#### DATA

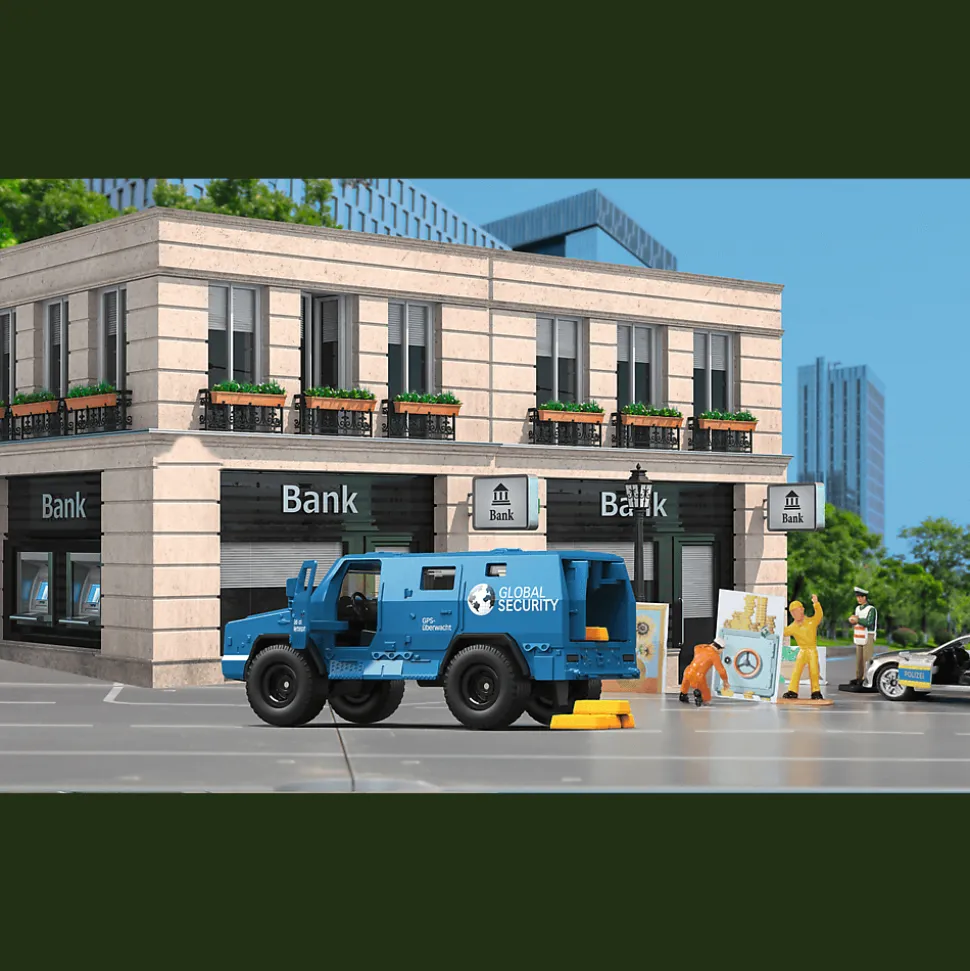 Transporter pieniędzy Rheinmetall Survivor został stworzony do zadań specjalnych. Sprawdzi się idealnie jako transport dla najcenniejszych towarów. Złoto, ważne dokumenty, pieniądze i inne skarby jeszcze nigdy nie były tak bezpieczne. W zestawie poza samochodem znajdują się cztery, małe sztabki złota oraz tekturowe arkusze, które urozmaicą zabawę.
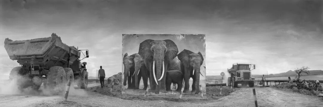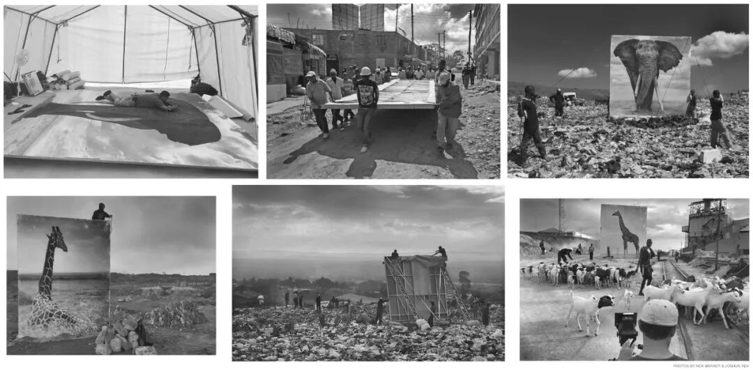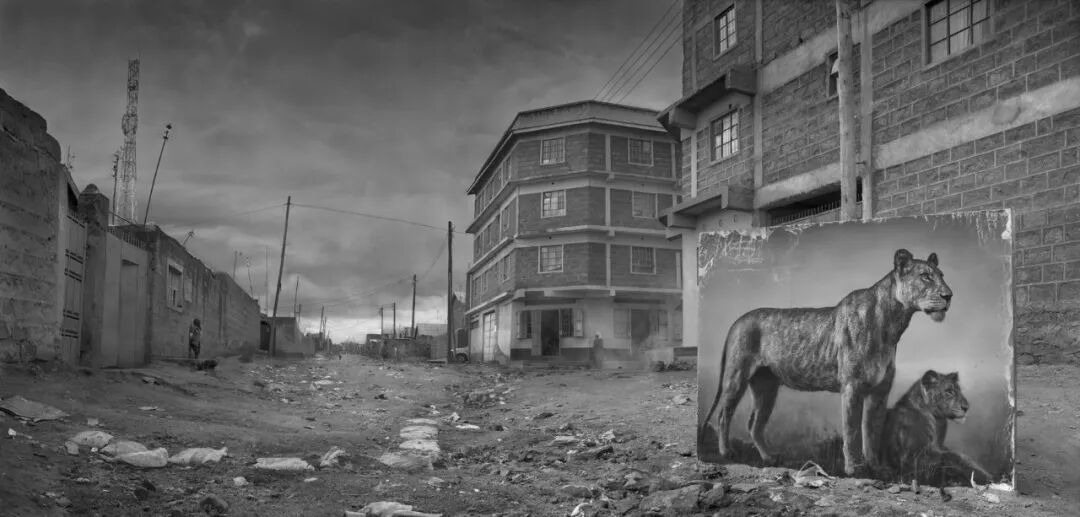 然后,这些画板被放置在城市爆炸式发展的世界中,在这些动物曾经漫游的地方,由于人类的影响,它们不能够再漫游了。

...

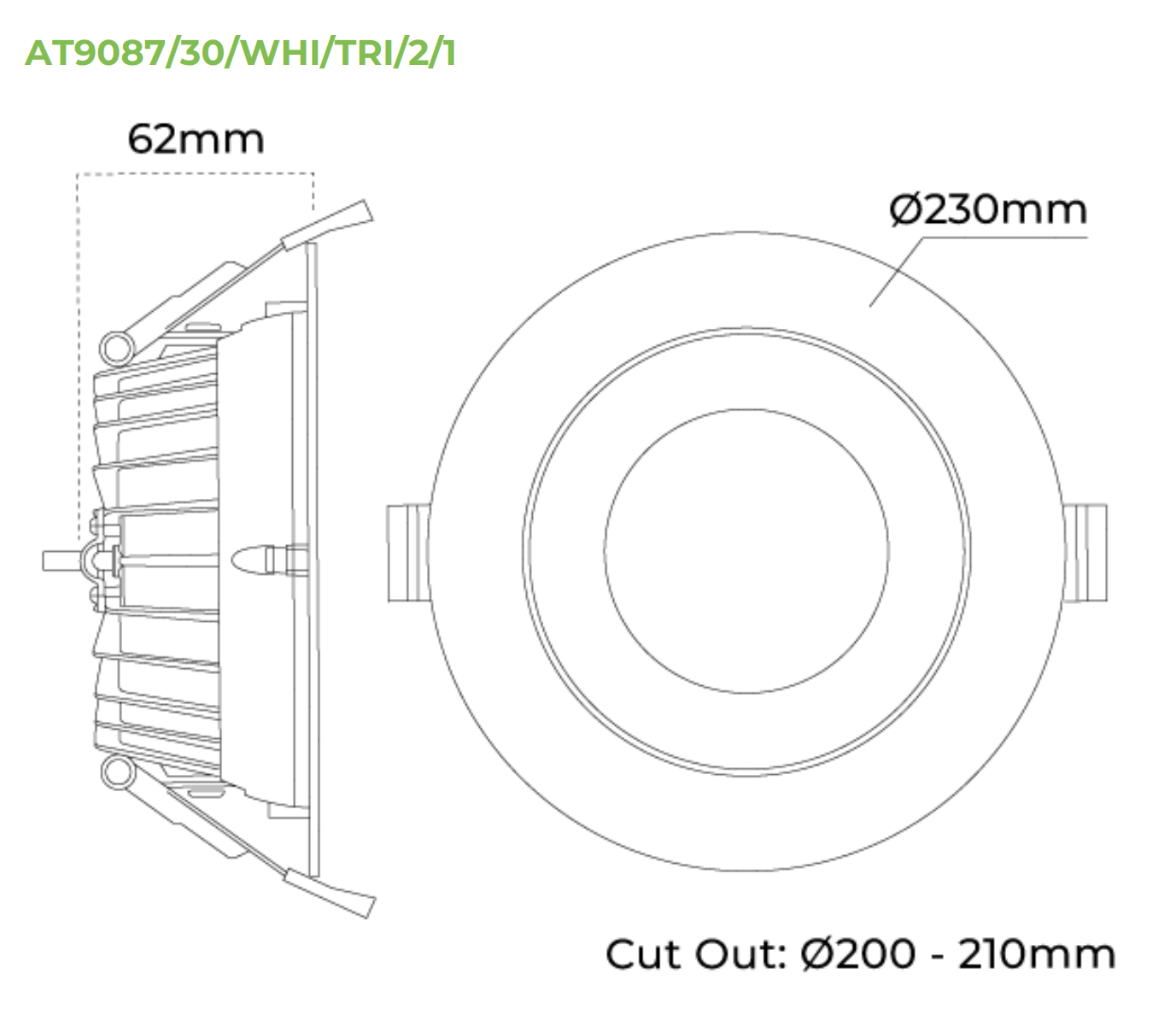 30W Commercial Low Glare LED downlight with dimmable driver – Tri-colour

#### REQUIRED WORK
From the listing above, please give again the lines that begin with the line holding "Transporter pieniędzy Rheinmetall" and go on through the line holding "然后,这些画板被放置在城市爆", exactly, both ends included, minus any picture.

#### WRITTEN RESPONSE
 Transporter pieniędzy Rheinmetall Survivor został stworzony do zadań specjalnych. Sprawdzi się idealnie jako transport dla najcenniejszych towarów. Złoto, ważne dokumenty, pieniądze i inne skarby jeszcze nigdy nie były tak bezpieczne. W zestawie poza samochodem znajdują się cztery, małe sztabki złota oraz tekturowe arkusze, które urozmaicą zabawę.
 然后,这些画板被放置在城市爆炸式发展的世界中,在这些动物曾经漫游的地方,由于人类的影响,它们不能够再漫游了。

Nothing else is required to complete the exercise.